A year after business leaders in Seattle helped kill a tax that would have raised an estimated $47 million a year for homelessness and housing, Amazon, Microsoft, Connie and Steve Ballmer and others announced that they were giving more than that amount to build hundreds of homes for homeless people in the Seattle area.

The gifts total $48.8 million and will help build eight buildings for chronically homeless people, who are usually regarded as among the hardest to house. They often have disabilities, serious mental illness and substance-use disorders.

The pledges include a $15 million commitment from Swedish Health Services, Premera Blue Cross and Providence St. Joseph Health last month, and more than $30 million more announced Tuesday. It will go to Plymouth Housing, a Seattle nonprofit developer that operates permanent supportive housing for these individuals, facilities where they have access to health care, social services and treatment.

This is part of a $75 million campaign that will allow Plymouth to essentially double the number of units it operates in Seattle. Amazon and Microsoft each gave $5 million to this campaign. According to Plymouth, this money will help leverage as much as $250 million in public funds for the completion of these buildings.

The Seattle Times’ Project Homeless is funded by BECU, Campion Foundation, Raikes Foundation, Seattle Foundation and the University of Washington. The Seattle Times maintains editorial control over Project Homeless content.

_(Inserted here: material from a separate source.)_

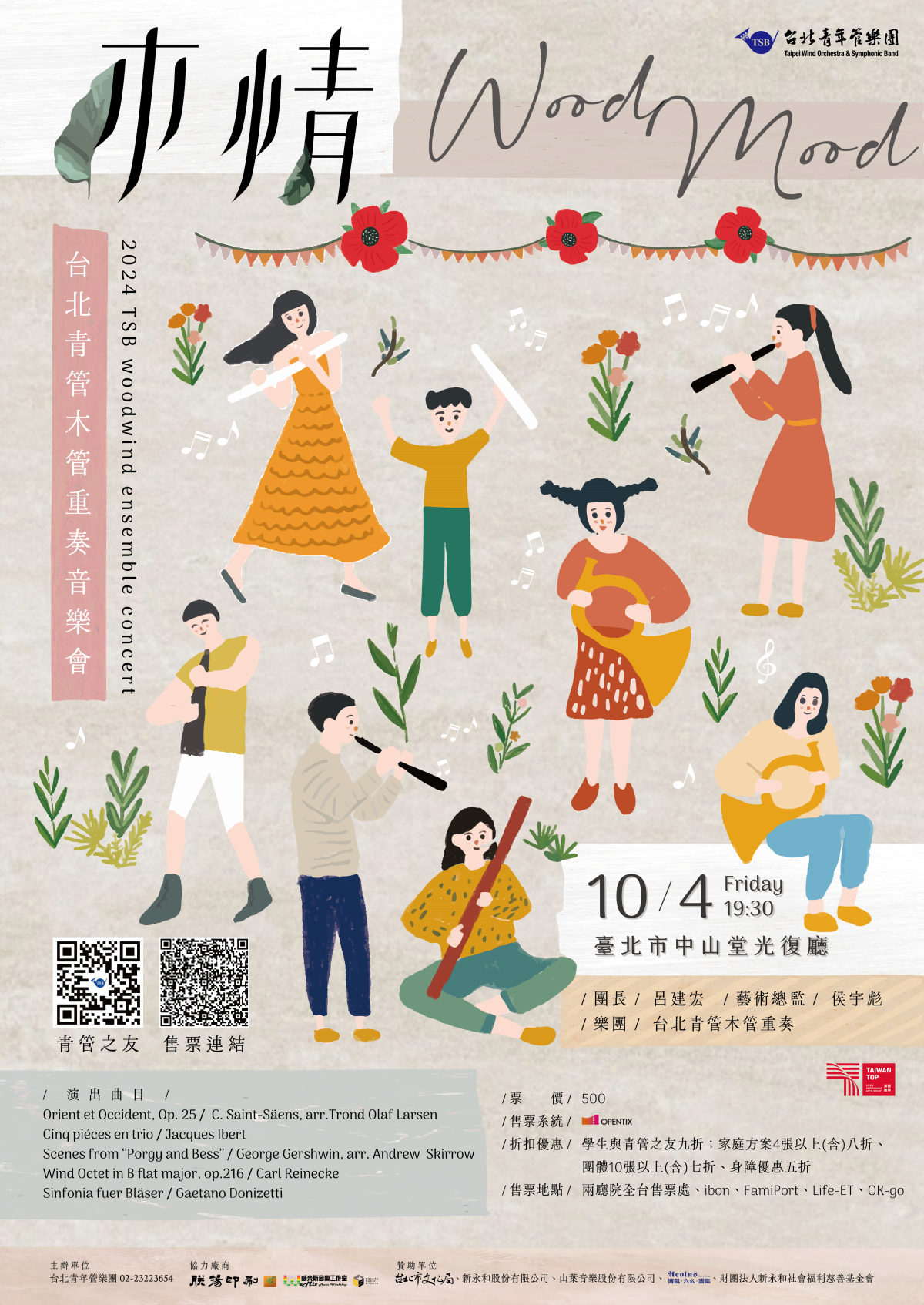 (三)購票與折扣優惠查詢請至兩廳院購票系統(http://reurl.cc/0da4jl);相關問題請逕洽台北青管樂團經理王先生(02-2322-3654)
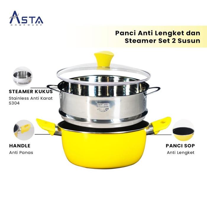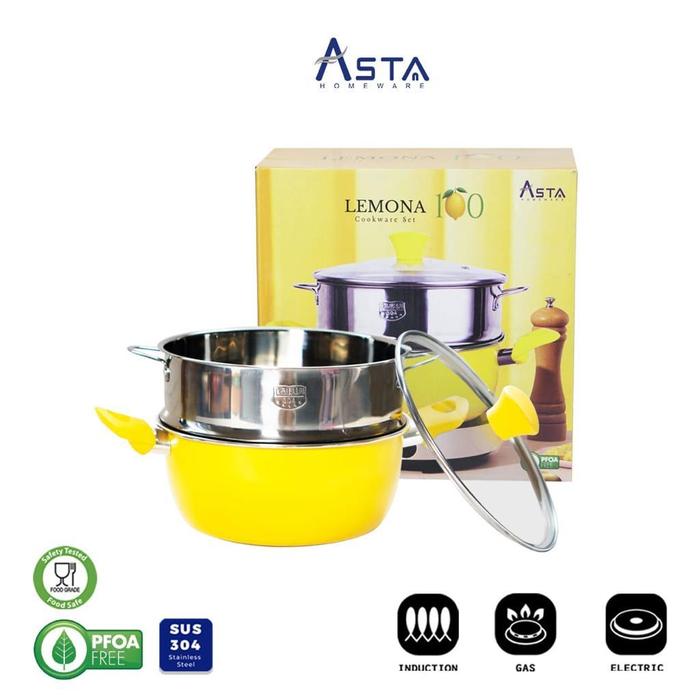 ASTA Panci Set LEMONA 100 Panci Dandang Kukus Steamer 24CM Stainless Steel SUS 304

On the same day, Amazon announced it would match its employees’ donations to 20 homelessness nonprofits, for up to $5 million, and that it would give $3 million for affordable housing in Arlington, Virginia, where it is siting its new second headquarters.

“Homelessness and affordable housing are real concerns in Seattle and the Washington, D.C., region,” said Jay Carney, senior vice president of global corporate affairs at Amazon and a former White House press secretary under President Obama.

“As neighbors in both, we made these donations to Plymouth Housing and the Arlington Community Foundation because of their work and progress on housing stability and helping families improve their quality of life.”